RAG Knowledge Base Assistant
Internal assistant answers policy/tech questions with citations
Employees get instant answers
From 4 hours to 1.5 hours
The Problem
A 200-person company was drowning in internal support requests. IT and HR teams received 300+ tickets monthly asking about policies, procedures, and technical configurations. Knowledge was scattered across Notion, Google Docs, and tribal knowledge.
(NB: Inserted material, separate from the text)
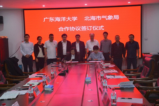 与北海市气象局全面合作协议及校外实习基地协议签字仪式在湖光校区海科楼505会议室举行,会议由我校创新科技研究院院长徐峰主持。北海市气象局局长陈润珍、独播库tv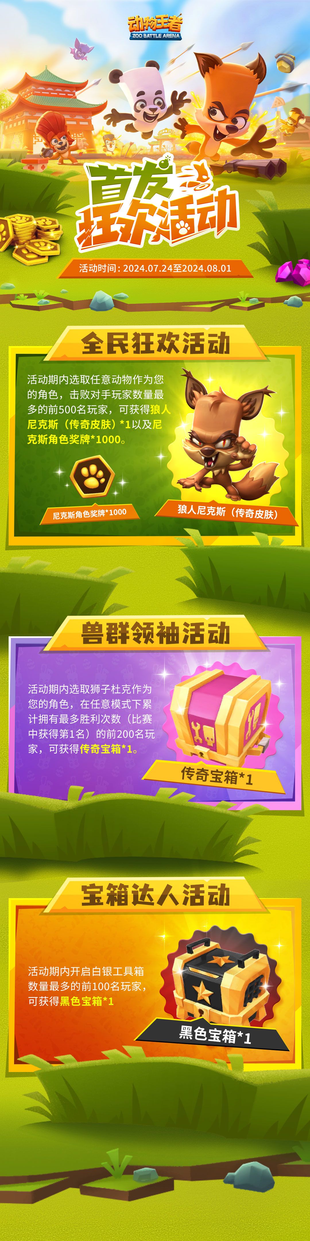 《动物王者》7月24日公测,同时开启游戏内三大挑战活动,参与就有机会获得奖励!

Response times averaged 4 hours, and 60% of questions were repetitive. The team needed a self-service solution that actually worked.
Technical Approach
Built a Retrieval-Augmented Generation (RAG) system that acts as an AI-powered knowledge base assistant.
System Architecture
┌─────────────┐
│ Data Sources│
│ (Notion, │
│ Docs, PDFs)│
└──────┬──────┘
│
▼
┌─────────────┐
│ Ingestion │
│ Pipeline │ ← Playwright scraper + PDF parser
└──────┬──────┘
│
▼
┌─────────────┐
│ Chunking + │
│ Embeddings │
└──────┬──────┘
│
▼
┌─────────────┐
│ Weaviate │
│Vector Store │
└──────┬──────┘
│
▼
┌─────────────┐
│ Hybrid │
│ Search │ ← BM25 + Vector + Reranking
└──────┬──────┘
│
▼
┌─────────────┐
│ GPT-4 │
│ Generator │ ← With citations
└──────┬──────┘
│
▼
┌─────────────┐
│ Answer │
│ + Sources │
└─────────────┘
Key Features
- Automated Ingestion: Playwright-based scraper pulls from Notion, Google Docs, PDFs
- Hybrid Search: Combines keyword (BM25) and semantic (vector) search for better recall
- Answer Reranking: Cross-encoder model reranks results before generation
- Citations: Every answer includes source documents with page numbers
- Guardrails: Refuses to answer when confidence is low or question is out of scope
Implementation Details
Chunking Strategy
- Semantic chunking based on document structure (headings, sections)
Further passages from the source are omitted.